Their words stated that if you don’t see the value in a race that is just those traits, nothing more complex or grand or dark or world-shaking, it comes across as not valuing those traits.
Okay. They are wrong. I do value those traits. I've said it repeatedly. I just don't value halflings.
As they should be.
Why?
Yes.
Why?
Why not?
A race isn’t a character. Besides, people have already pointed out some easy flaws you can play with you want that.
And so I didn't have a flawed premise. And my point was never that I can't think of any flaws, but that they are commonly presented without flaws. Which no one has really been able to counter, because they just kept showing their homebrew.
For you, perhaps. Not for people who enjoy halflings as they are. And you can just use gnomes. No one is being deprived of anything, here.
Never said they were.
My point, again, because I know things can get lost in these novels we are writing back and forth, is that that place is good. It is good that a “core” race (insofar as that concept even matters) is just folks.
But the issue isn't that they are just folk. The issue is that they have no origin story. They have no role. You can enjoy the fact that they are just folk, and you can make them interesting folk, that have some story beyond "they are kind farmers".
You could have them be just normal kind folk and have them be far more interesting and have more lore and culture and things to base adventure hooks off of than what they currently have.
Here’s my question, then.
If Brandobaris (my favorite halfling god) and Yondalla and all the other FR hin deities had a solid writeup in 5e, with things like what kind of PCs might represent different priests and knights and other servants of their gods, and the River halflings of 4e (who are mentioned in the 5e PHB) had a little more prominence, and there were some notes in some subclasses about how this or that tradition started with halflings, would that be enough?

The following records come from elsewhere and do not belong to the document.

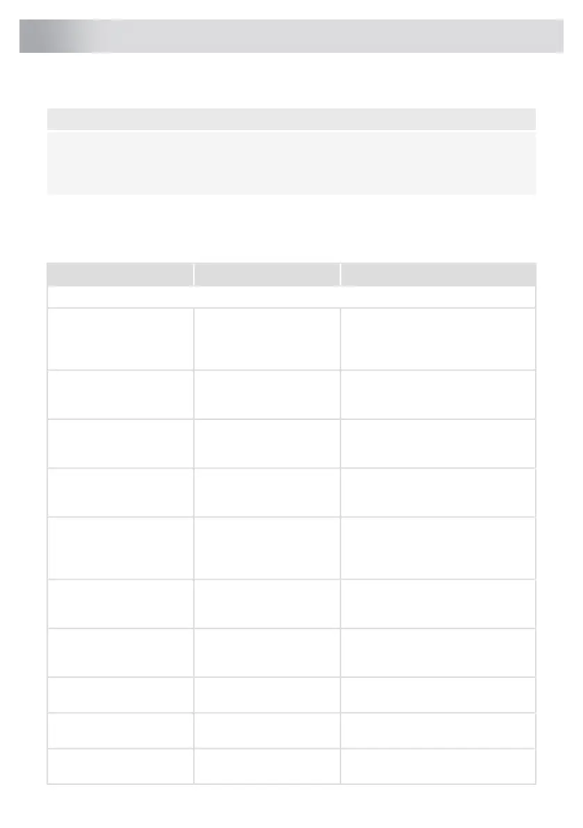 Troubleshooting table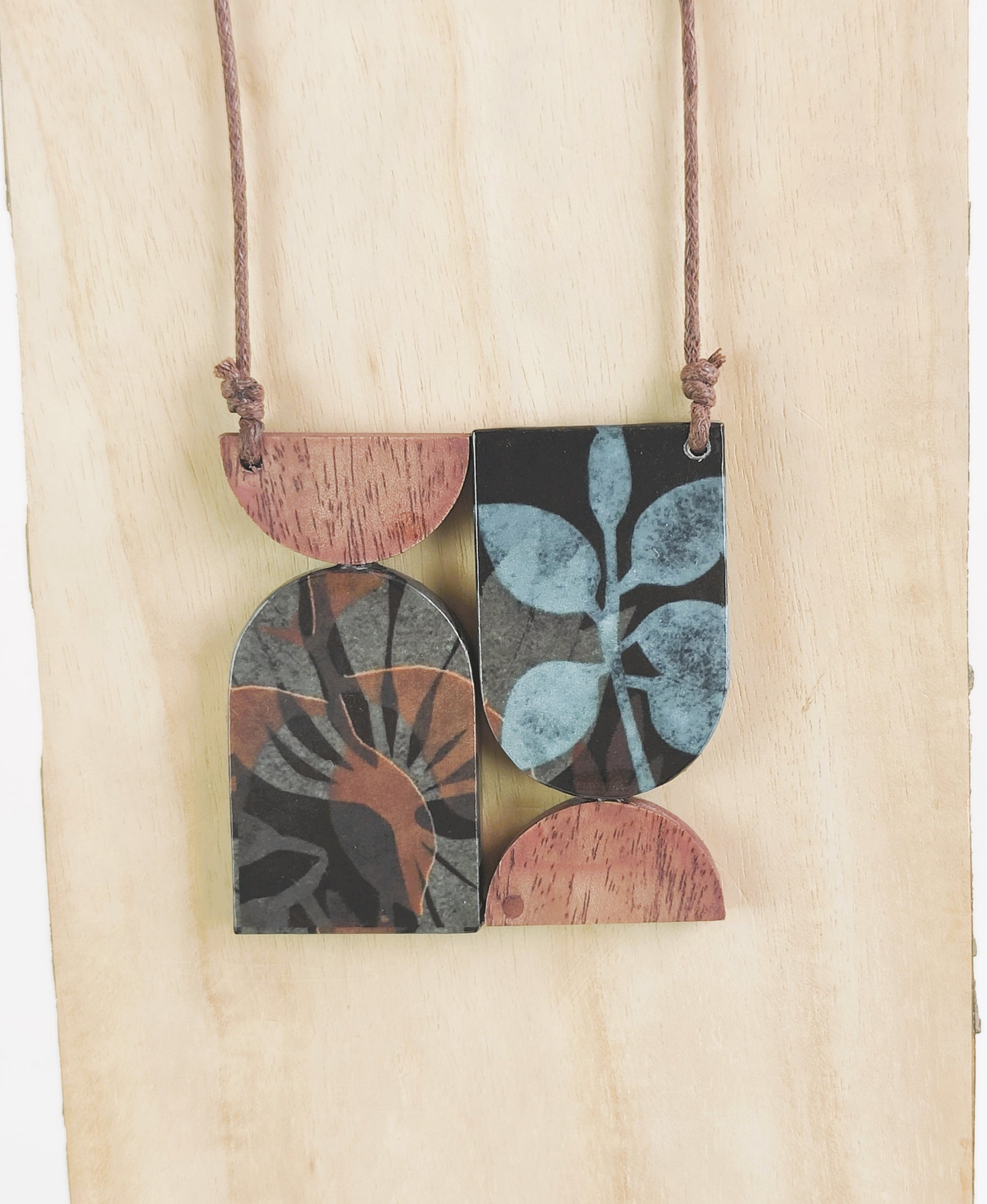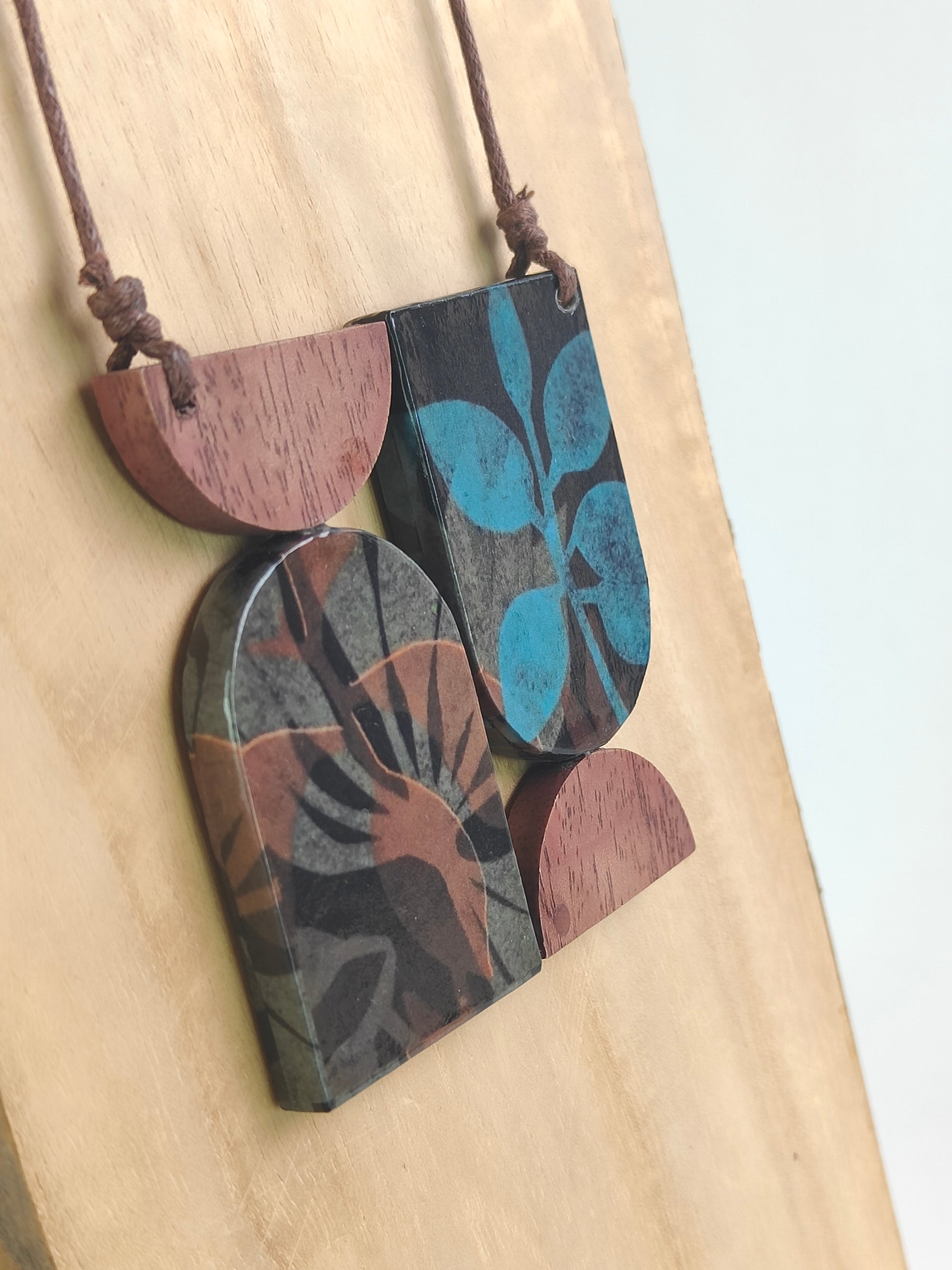 Este colgante de cuatro piezas destaca por su diseño original y delicado, elaborado con técnica de decoupage que le aporta un toque artístico único. Su cordón de algodón regulable garantiza un ajuste cómodo y personalizado, ideal para complementar cualquier look con elegancia y distinción.
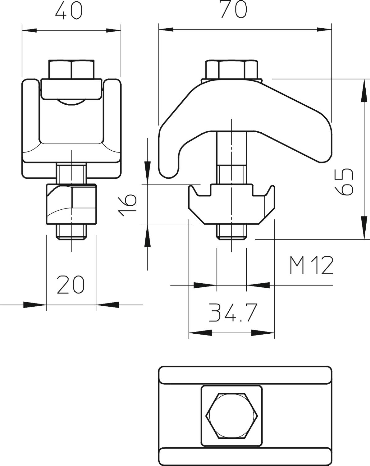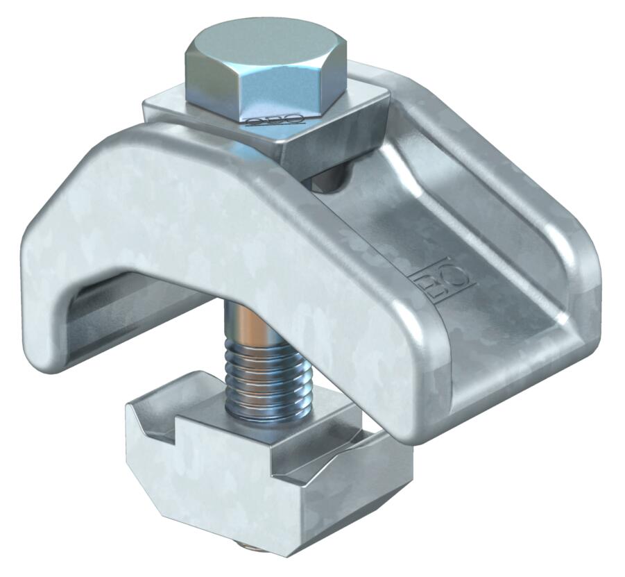 Descrição do produtoGarra de fixação na versão para grandes cargas com porca corrediça, para a fixação de perfis em vigas de aço.
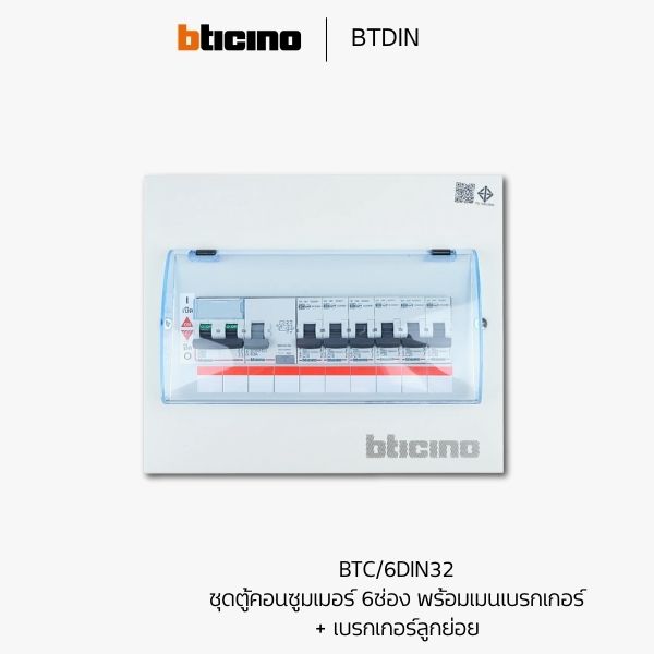 Consumer Unit Bticino ตู้คอนซูมเมอร์ 6 ช่อง พร้อมเมนเบรกเกอร์ + เบรกเกอร์ลูกย่อย – BTC/6DIN32

Because if not, I think maybe this really is just a case of you not liking halflings and trying to spin it into something bigger than that.
But regardless, it remains a good thing that a core race is just folks.
Yes, that would be awesome. I think the river halflings offer a good position to work from, I think if the gods and there servants were better represented it would help a lot. If they were connected to different class structures that would be amazing, and actually show this "halflings are bold adventurers" in a really solid way.
All of that would be great. They have none of that right now.
Large changes, sure. I don’t support changing the character and basic premise of stuff between editions unless it’s obscure like Firbolgs.
But adding lore would be fine. As long as it doesn’t involve changing them into something completely different. Halflings don’t need innate magic, or a dark history of violent colonialism, or whatever.
The gnome writeup in Mordy’s is great, for instance. One of the only lore sections I don’t dislike in that book. I wish that halflings had gotten as fun and interesting a writeup.
Just more info on their gods, reminders of halfling heroes, notes of halfling traditions that can be viewed as PC builds, etc.
And more info about the River halflings, and how they tie the trade relations of various realms together, as well as being a welcome source of information as they go from town to town.
I agree. That would be fine. My issue is that they lack so much, not that I want to make them dark and gritty or give them a ton of magical flavor.